Today is #WorldMentalHealthDay, and it comes at a time when our daily lives have changed considerably as a result of the COVID-19 pandemic. The past months have brought a diverse set of challenges for many of us. But for those living with mental health conditions and disabilities, those challenges have been considerable, with many experiencing even greater social isolation than before.
We recently spoke to one of our western Sydney participants, Jacqueline Miller, who has graciously shared her experience living with schizophrenia, and details what these past few months have been like for her. Jacqueline hopes sharing her story will shed light on what living with a mental health condition is really like and break down the stigma.
1. Tell me about the first time you sought help for mental illness?
In 2009, I had awful hallucinations. I was reduced to tears and had to urgently see my GP in Seven hills. She referred me to the mental health team at Blacktown Hospital at Bungaribee house. I saw a psychiatrist there and they diagnosed me with schizophrenia.
2. What were the factors that contributed to your illness?
I was working as an administrator back in 2009. My schizophrenia wasn’t necessarily triggered by a certain event. It came with no warning. No one in my family has any mental illnesses, so it isn’t hereditary. It came out of the blue when life was a little bit stressful.
3. How did you feel when you received a diagnosis?
I was very scared. I was put on medication straight away. I felt immediately very different to everybody else in my family and at work. I felt alone. I found it was very hard for me to be motivated in life, to do anything around the house or go to work. I stopped working in 2010 – less than 12 months after my diagnosis. Work suggested I retire and advised me they no longer thought I was fit to work. After I was dismissed, I lost all motivation. Ever since my diagnosis, life has been challenging. I have frequent episodes of severe depression, anxiety, psychosis, and insomnia.
4. How have you coped with isolation?
I can’t say that I cope well with isolation, but unlike everyone else, isolation isn’t something new to me.
I live with schizophrenia and a psychosocial disability, which means this condition is life-long. This means I find it very difficult to go out into the community and struggle with confidence. Spending a lot of time by myself is a life I’ve grown used to.
I’m grateful for my consistent support team and the services I receive at Therapy Care through my NDIS package.
During low periods, where I struggle with isolation, the best thing for me to do is take my medication methodically, receive psychosocial intervention through my support services at Therapy Care, have regular check-ups with my psychiatrist and routine visits with my GP and psychologist.
Even if it’s just once a week for now, getting out into the community is very important to me. The interaction with my support worker is also an activity I always look forward to.
I am very fond of the Therapy Care workers and am working with them to create goals for my next plan period that will steadily see me continue to improve my overall quality of life.
5. What do you want people to know about your mental illness?
There is so much people don’t know about schizophrenia which unfortunately results in a lot of stigma towards people living with the condition. I hope in the future, people invest more time in trying to understand the illness.
If you or a loved one is suffering with your mental health, don’t be afraid to seek help. There are so many supportive people and resources out there readily available to you. The quicker you ask for help, the quicker you receive the support you need. You shouldn’t be alone.

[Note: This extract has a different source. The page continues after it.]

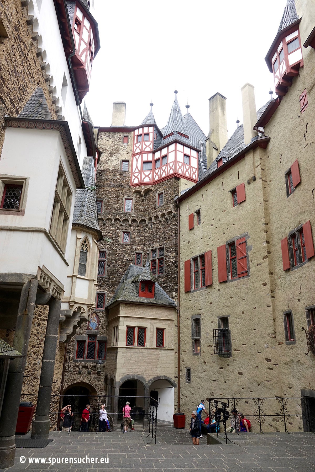 Der Zugang ist imposant, die keilförmige Lage auf dem Rücken eines besonders harten vulkanischen Gesteins war sicherlich gut zu verteidigen. 2017 gehörte ich auch zu den 250.000 Besuchern, die den eindrucksvollen Ort besuchen. Gegenüber den rund 3,5 Millionen Besuchern, die den Mt. Saint Michel jährlich aufsuchen, sicherlich nur ein kleiner Teil. Gegenüber Rothenburg ob der Tauber mit 1,5 Millionen Besuchern jährlich kann sich die Burg buchstäblich sehen lassen. Der Eltz-Clan lässt sich derweil mit den üppigen Eintrittsgeldern sein Anwesen fortlaufend auf Vordermann bringen. Und wenn's mal nicht so läuft – Graf Jakob und Gräfin Ladislaja zu Eltz haben bereits in den 70er Jahren auf ABM-Maßnahmen zurückgegriffen, um die Mauern auf Vordermann bringen zu lassen. Eigentum verpflichtet eben nicht immer … ;-) … nur weil das Märchenschloss jahrzehntelang die Rückseite des 500 DM-Scheines geziert hat, muss der Eigentümer der Burg davon nicht immer ausreichend in der Tasche haben (*Ironie off*). Zumindest konnte man uns solche Geschichten bis zum heutigen Tage weis machen …

6. What would you like to say about the stigma surrounding mental illness?
At times I feel aggressive, but it’s never directed towards anyone else – it’s frustration at myself.
I always try to be a lovely and kind person and many people describe me this way, perhaps just withdrawn at times. Making friends and trying new things is difficult, however now that I have a great support team and am on the right service plan, I can access the community and live a quality life.
Schizophrenia can be scary for the person diagnosed, the fear of being rejected from the community is overwhelming.
This is a life-long condition, and I will always continue to work on myself.
7. Has your life changed since receiving NDIS supports through Therapy Care?
Yes, it really has. Before joining Therapy Care, I wasn’t receiving the right support for my mental health condition and therefore was quite withdrawn and led a very isolated life.
Since receiving support, it has been one of my main goals to become more social and feel more comfortable being out and about.
I’m working with Therapy Care’s Recreational Therapist, Karlie Scurr, to integrate into the community through the Group Day Program and social supports.
I currently attend the mind-full stream of the Group Day Program once a fortnight. In addition, I have two social support sessions each week, where with my support worker, participate in meaningful leisure and recreational activities.
I also attend the 2-hour Group Rehab session each week, where I work on my physical fitness alongside fellow participants.
My ultimate dream was visiting the Royal Botanic Gardens, which Therapy Care recently made a reality. It was a beautiful day.